Exploring rhythms of spoken word

`It didn't start with a concept. It started with ideas for scenes, ideas for characters, scraps of dialogue

`It didn't start with a concept. It started with ideas for scenes, ideas for characters, scraps of dialogue. That's where it all began, and any plays I've written that's where they all begin. They don't begin conceptually."

Debutant playwright Liam Heylin (36) is talking about Ding Dong, not the first play he ever wrote but the first to get a professional production, which opens tomorrow at the Half Moon Theatre in his adopted city of Cork.

A native of Waterford, Heylin first came to Cork almost 20 years ago when he completed a social science degree at UCC but after a master's in journalism in NIHE Dublin (now DCU), he found his metier - at least by day - working as a reporter.

A staff journalist with the Irish Examiner, for which he covers courts, Heylin admits he's always been drawn to drama rather than novels or poetry, principally because of his fascination with the way people speak and seek to express themselves. "I like to read beautifully polished prose and perfectly formed sentences, but when I go to write I feel what draws me is the jagged awkward ways that people speak rather than the exact ways that writers write," he says.

READ MORE

"I'm much more drawn to those peculiar kinds of rhythms that people use in their speech and the way they say things imperfectly and it being just an approximation of what they think."

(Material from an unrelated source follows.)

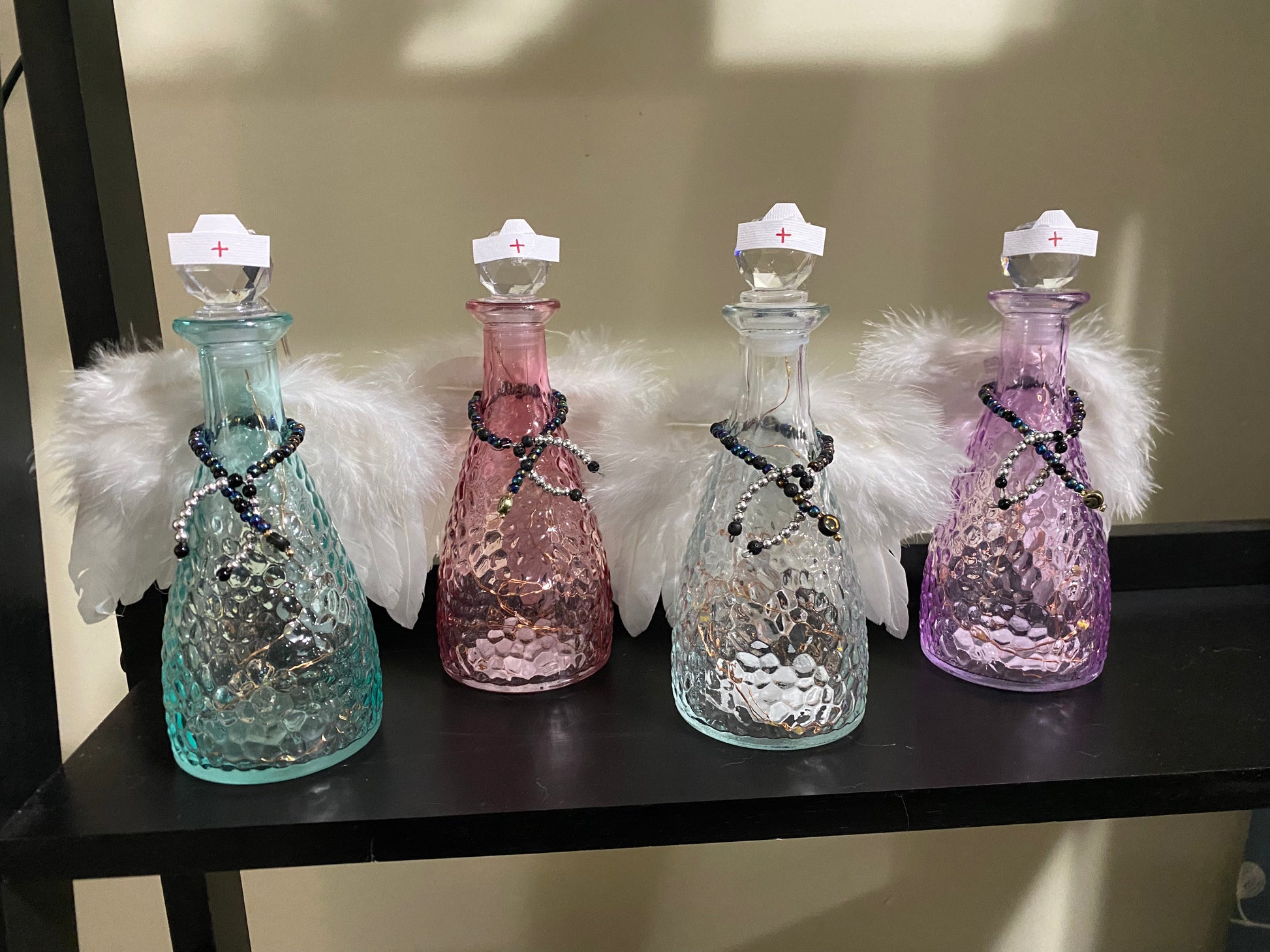 These adorable Angel Nurses are created from bottles, lighted by fairy lights, adorned with feathered angel wings, and sport a mini beaded stethoscope and nurses cap. Each one is 7” tall and are the perfectly unique gifts for the nurses in your life

Ding Dong, explains Heylin, is set around a family funeral in his native Waterford. It's a comedy but not a black one, he stresses, as it explores the relationships between six main characters gathered for the burial of the family patriarch.

"It doesn't have a graveside oration simply because it revolves around a funeral. It's a comedy in the sense of the quirky angles that some of the scenes take, at tangents to the main event, and the way the characters spark against each other."

He's reluctant to be drawn on influences but when proffered somebody like Martin McDonagh as a reference point, Heylin says his play wouldn't have the same heavily stylised Irishness and would have a more contemporary feel.

But back to the beginning, and if he doesn't begin conceptually but with scenes and characters and dialogue fermenting in his mind, how does Heylin know when Ding Dong or any of his other plays is finished and ready for release?

"I know the play is a play when it has the right feel to it and the right shape and a sense of the characters having been explored and having been allowed to sing and express themselves and knocked out a journey between them. That's when it's ready."

Directed by Oonagh Kearney, Ding Dong runs at the Half Moon Theatre at Cork Opera House on September 20th and 30th before transferring to the Briery Gap in Macroom for two nights on October 10th and 11th and Garter Lane Arts Centre in Waterford for two nights on October 12th and 13th.